- _YOUR INSTRUCTIONS_:
Using the material below, print a verbatim copy of every line from the one containing "Download or print" through the one containing "Add a touch", inclusive, and omit the pictures.

- _DATA UNDER STUDY_:
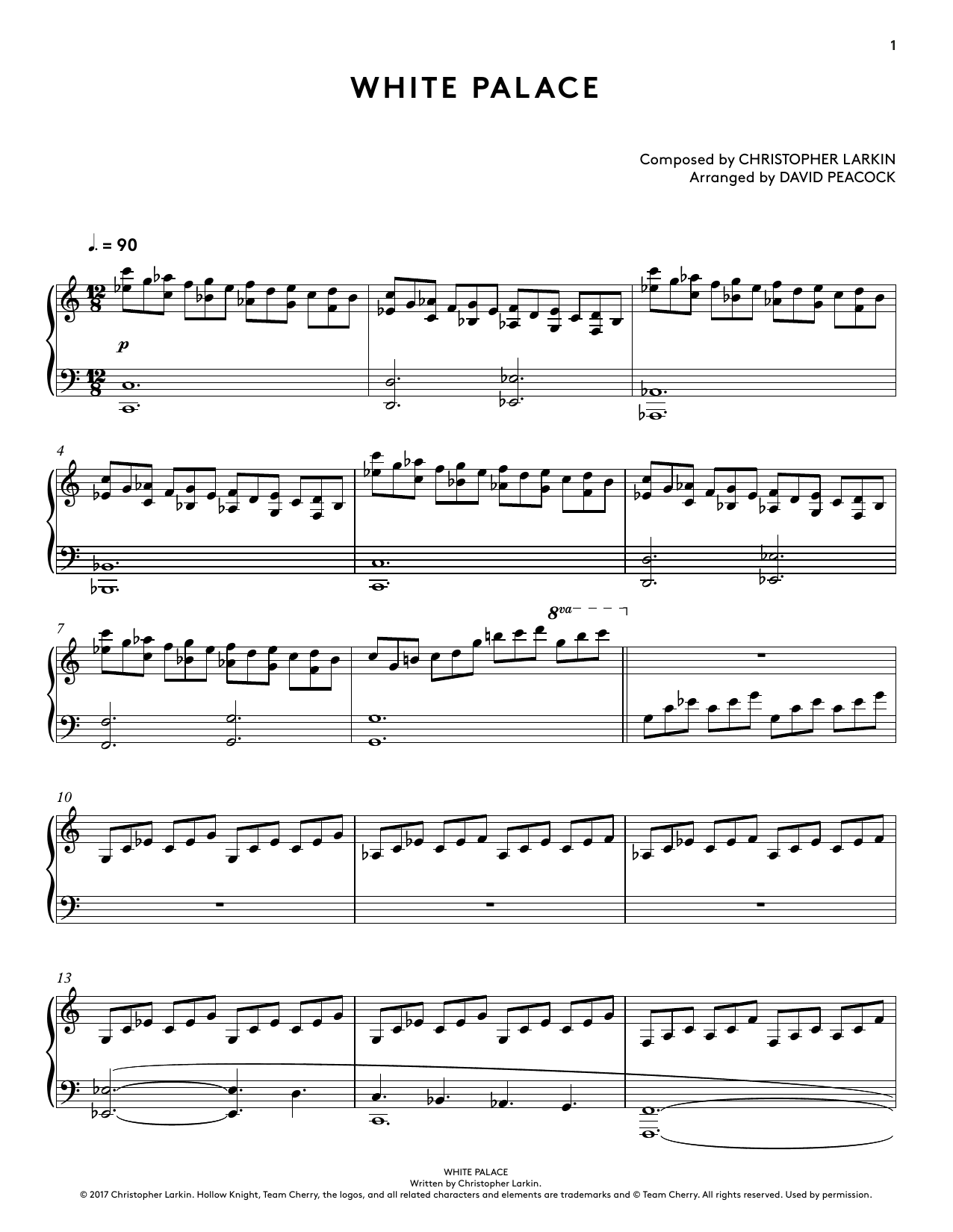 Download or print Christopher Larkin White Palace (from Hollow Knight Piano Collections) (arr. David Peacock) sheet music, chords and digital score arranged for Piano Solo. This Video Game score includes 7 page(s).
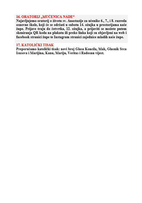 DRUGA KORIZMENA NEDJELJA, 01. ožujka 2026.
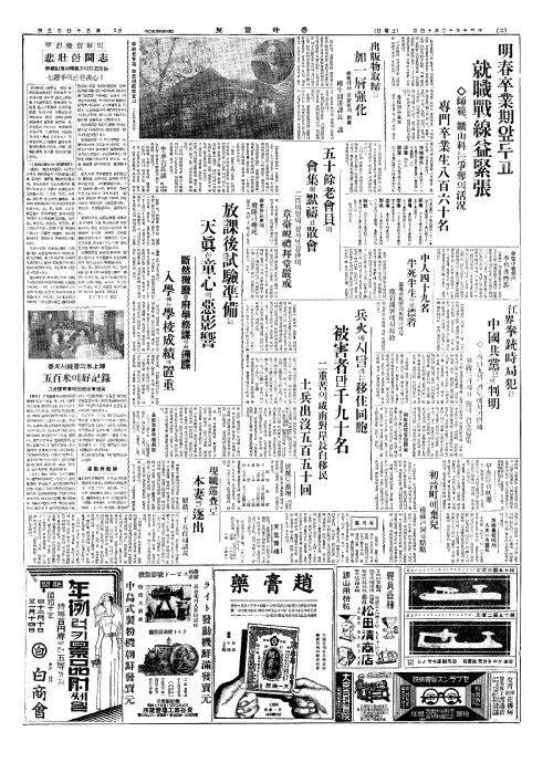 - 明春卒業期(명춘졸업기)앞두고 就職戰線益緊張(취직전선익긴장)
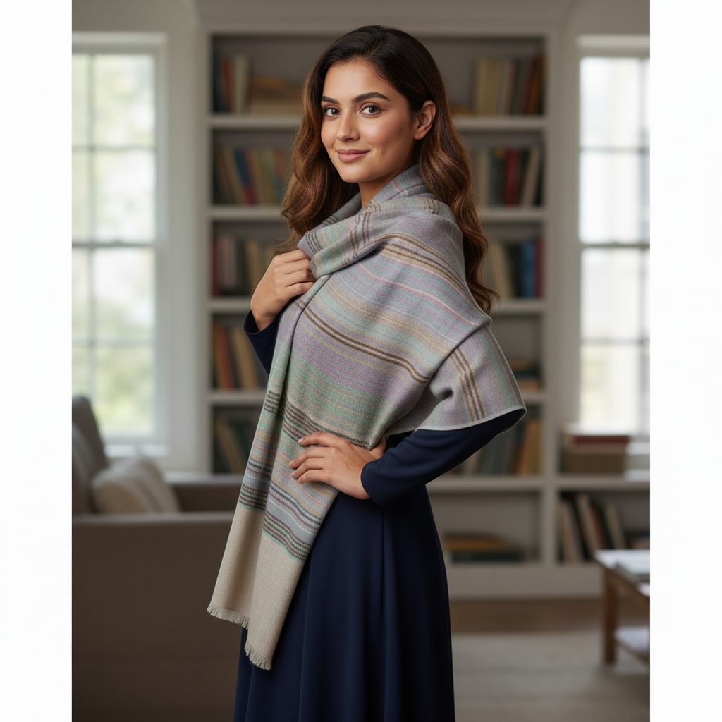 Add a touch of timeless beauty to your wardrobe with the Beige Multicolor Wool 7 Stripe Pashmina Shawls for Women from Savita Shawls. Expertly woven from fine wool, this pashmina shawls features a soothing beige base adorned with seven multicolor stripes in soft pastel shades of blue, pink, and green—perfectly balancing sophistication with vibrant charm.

==

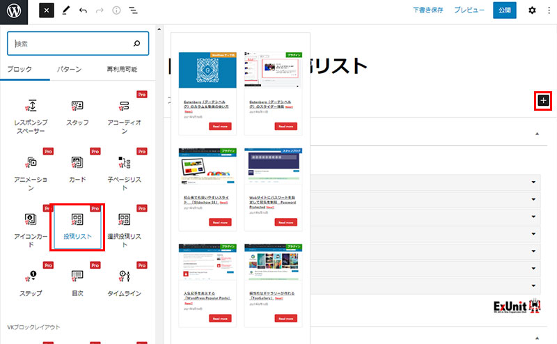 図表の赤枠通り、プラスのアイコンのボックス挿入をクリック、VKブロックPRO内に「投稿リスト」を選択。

- _ANSWER BELOW_:
 Download or print Christopher Larkin White Palace (from Hollow Knight Piano Collections) (arr. David Peacock) sheet music, chords and digital score arranged for Piano Solo. This Video Game score includes 7 page(s).
 DRUGA KORIZMENA NEDJELJA, 01. ožujka 2026.
 - 明春卒業期(명춘졸업기)앞두고 就職戰線益緊張(취직전선익긴장)
 Add a touch of timeless beauty to your wardrobe with the Beige Multicolor Wool 7 Stripe Pashmina Shawls for Women from Savita Shawls. Expertly woven from fine wool, this pashmina shawls features a soothing beige base adorned with seven multicolor stripes in soft pastel shades of blue, pink, and green—perfectly balancing sophistication with vibrant charm.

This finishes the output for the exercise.